Being in ketosis tells us nothing about this equation! Let me repeat this: It is metaphysically impossible to infer from a measurement of B-OHB in the blood if this equation is being satisfied. It just tells us that our body is using some fraction of our dietary fat and stored fat (once it undergoes lipolysis) to make ketones, given that glucose intake is very low and protein intake is modest (net effect = minimal insulin secretion).
If you look at the figure below, you see this point (It’s simplified, obviously, and for example, does not show that fat from fat cells can be used directly by skeletal muscles). Nothing in this figure implies a reduction in the size of the cells at the bottom right of the figure. It’s quite possible, of course, since ketosis results in a large L and implies a very small DNL. But, if (small) DNL + (very large) RE is greater than (large) L, guess what? Fat flux is net positive. Fat is gained, not lost. Still in ketosis, by the way (quantified loosely by fasting levels of B-OHB greater than about 0.5 to 1 mM), but not losing fat. (I hope the first attempt at a solution in this setting is obvious by now, notwithstanding the fact that I’ve seen this situation dozens of times with more than one solution, including the ‘obvious’ one — reducing fat intake.)
The other myth worth addressing is that the higher the level of B-OHB, the more “fat burning” that is going on. This is not necessarily true at all. As you can tell, I love equations, so consider this one:
B-OHB (measured in blood) = B-OHB produced (from dietary fat) plus B-OHB produced (from lipolysis of TAG) less B-OHB consumed by working muscles, heart, brain.
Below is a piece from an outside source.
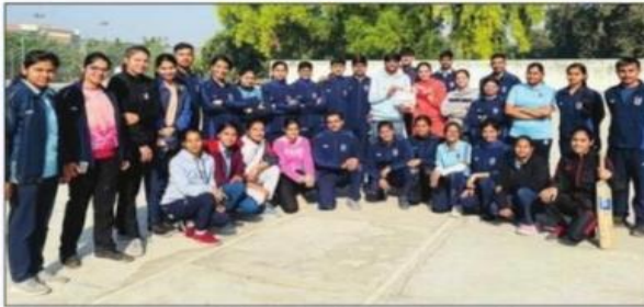
हिंसार में जीजेयू के एनसीसी कैडेट्स खेल प्रतियोगिता में हिस्सा लेने के बाद। संसार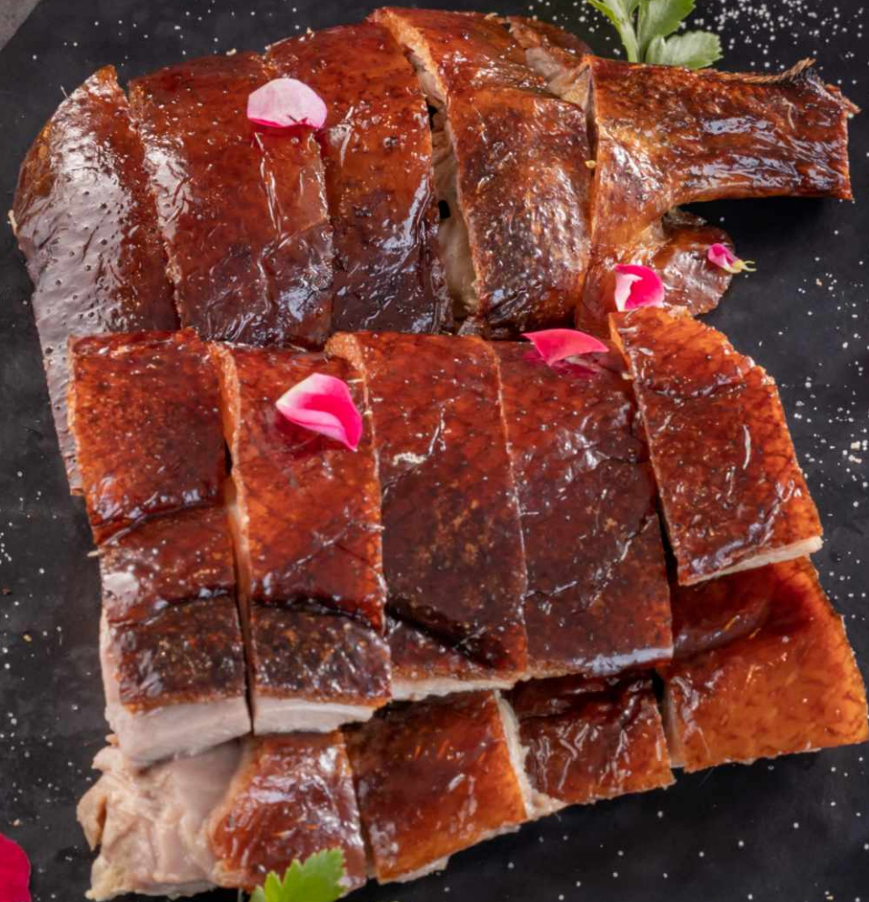
VỊT QUAY HONG KÔNG (1 suất) Hong Kong Roasted Duck (pax)

How does knowing one of these numbers (B-OHB measured in blood) give definitive answers to another (B-OHB produced from lipolysis of TAG)? It can’t. That’s the problem with multivariate algebra (and physiology).
Many people who enter nutritional ketosis do so, I worry, because they believe it “guarantees” fat loss. I hope I have convinced you that this is not true. Nutritional ketosis is one eating strategy to facilitate negative fat flux, and it works very well if done correctly. It comes with some advantages and some disadvantages, just like other eating strategies. When I get back to the series on ketosis, I will address these, but for now I felt it was very important to put things in perspective a bit. Furthermore, I am convinced that it is not the ideal eating strategy for everyone.
And, most importantly, I hope at least someone appreciated my reference to the flux capacitor.